Friday, 28 February 2014


I was concerned over the funding of the specialist Lyme Disease clinic in Winchester which opened only a few months ago so I e mailed Dr Christine McCartney PHE.

                                                                  Public Health England
                                                                  Rare and Imported Pathogens
                                                                  Porton Down Salisbury
                                                                  SP4 0JG
Ms J Drayson
25th February 2014

Dear Ms Drayson

PHE support for a Lyme clinic 

Dr McCartney has asked me to reply to your letter about support from Public Health England for a Lyme disease clinic at Winchester or another location.

I appreciate your concern that a clinic should be available on the South of England to cater for the needs of patients with Lyme and related illnesses, and indeed our intention is to support such a clinic as Dr McCartney stated at the Lyme Open Day. PHE is not a direct health service provider as clinical service provision is the responsibility of the NHS, and so any clinic has to be held under their auspices. We therefore have to partner with a suitable hospital Trust who are both willing to provide the service and who can offer the necessary facilities, staffing resilience to meet the demand within reasonable waiting times and ensure continuity of service, and clinical governance arrangements to ensure the service operates to the highest possible standards. To date the service has been provided by Winchester, funded through the normal NHS mechanisms for referral patients, and supported by PHE through provision of the extended range of tests without charge.

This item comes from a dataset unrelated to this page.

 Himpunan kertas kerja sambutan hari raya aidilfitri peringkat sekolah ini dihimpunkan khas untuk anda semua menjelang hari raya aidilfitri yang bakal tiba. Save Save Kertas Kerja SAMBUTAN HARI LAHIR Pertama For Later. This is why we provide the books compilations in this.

PHE are working to establish a permanent home for the clinic in a major NHS centre in the South of England, ideally with access to and participation from an academic infectious diseases group to support the clinical studies we believe are required to examine the diagnosis and management of Lyme disease and related illnesses in the UK and Europe. By hosting the clinic in a major centre we can facilitate access to the latest diagnostic support systems for management and research, ranging from MRI scanners to clinical immunology. As Lyme disease and similar conditions have protean manifestations and affect many systems in the body, it is important to be able to involve specialists in rheumatology, neurology, dermatology, cardiology, infectious diseases and other disciplines to offer the most comprehensive service.

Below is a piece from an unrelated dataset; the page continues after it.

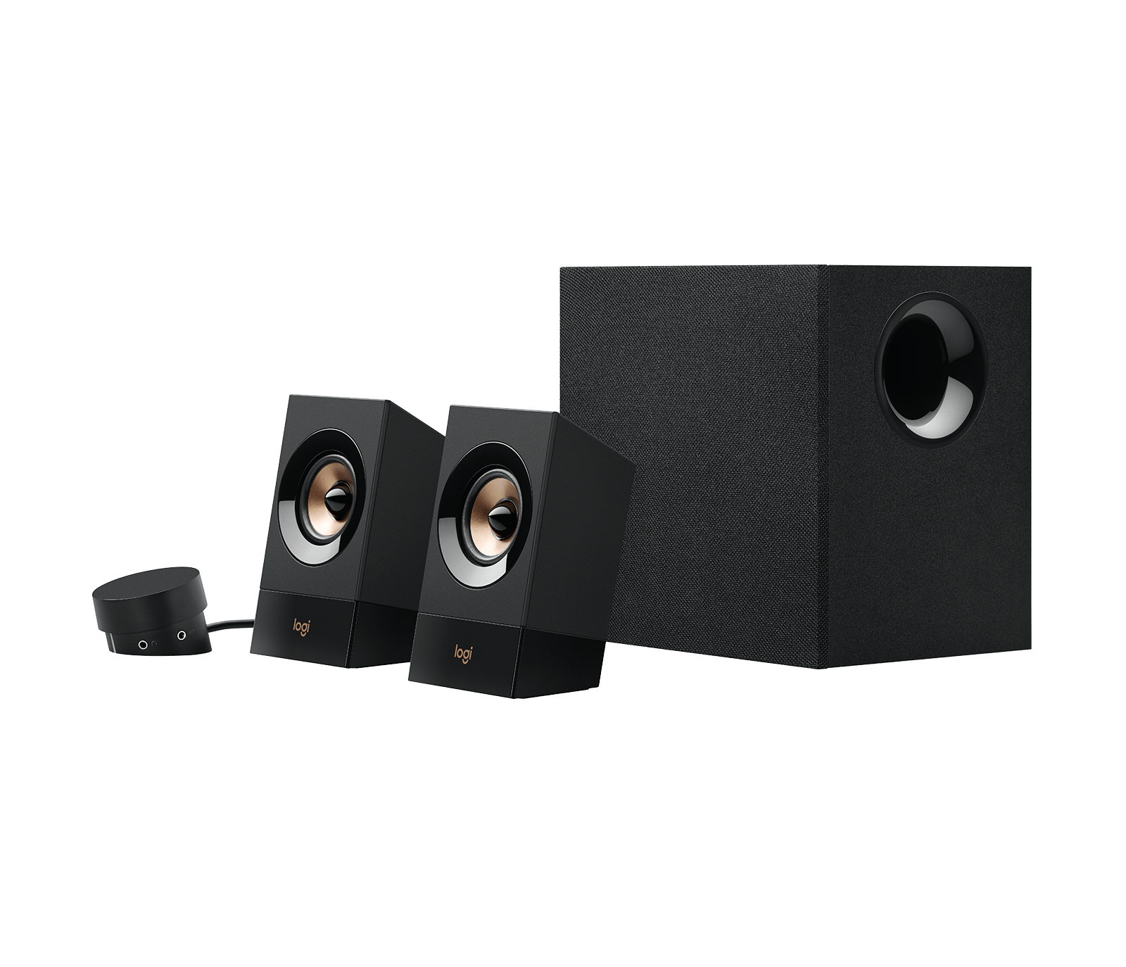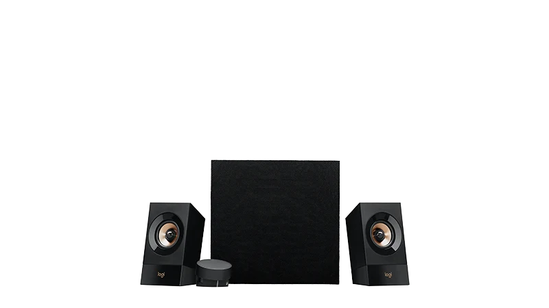 Un son puissant à portée de main avec un système de haut-parleurs 2.1, un boîtier de commande intégré et des connexions multiples pour un maximum de trois dispositifs. La puissance de crête de 120 watts et de 60 watts RMS offre un son puissant et des basses pleines pour remplir votre espace.

An academic centre also allows us to involve the Clinical Research Network to support clinical studies in both General Practice as well as hospital cases.
A definitive system for caring for sufferers from Lyme and similar diseases has to include access for patients from the whole of the UK. To achieve this, we have to work with other major centres to establish common investigation pathways, case definitions, treatment regimens and protocols to record and share clinical data so that we can identify those therapies that work, and promulgate best practice. Therefore, we are also approaching centres in London and the rest of England to form a network of service providers within the NHS to meet the demand, and will liaise with colleagues in Scotland about arrangements for NHS Scotland.

Clearly this is going to take some time to set up. In the meantime, we will continue to support Winchester, subject to that Trust agreeing, in providing a service for Lyme patients and in ensuring continuity of care until the permanent solution is operational. Finally, the National Institute of Health Research recently awarded funds to a number of universities to work with PHE as Health Protection Research Units.

One of the programmes included in the Emerging Diseases unit award was on Lyme Disease. Although this is a relatively small programme, it is the basis on which a comprehensive study of Lyme Disease in the UK can be launched.

I hope this answers your concerns, but you will understand that we have a number of complex negotiations to undertake that will take time, and by their very nature will have to be confidential until agreements are signed.

Yours sincerely

Dr Tim Brooks
Clinical Services Director
Rare & Imported Pathogens Laboratory
Public Health England
Porton Down
Copy: Countess of Mar
Christine McCartney
Matthew Dryden
George Stafford

Clearly any specialist centre will only be as good as the open mindedness of it's doctors and their willingness to consider empirical treatment until more accurate testing is available, these doctors will learn from following their patients over time and following the emerging science on this complex disease.

I remain hopeful, this is an enormous step forward from the drawer full of replies I have had from the Health Protection agency and Dept of Health in the past seven years.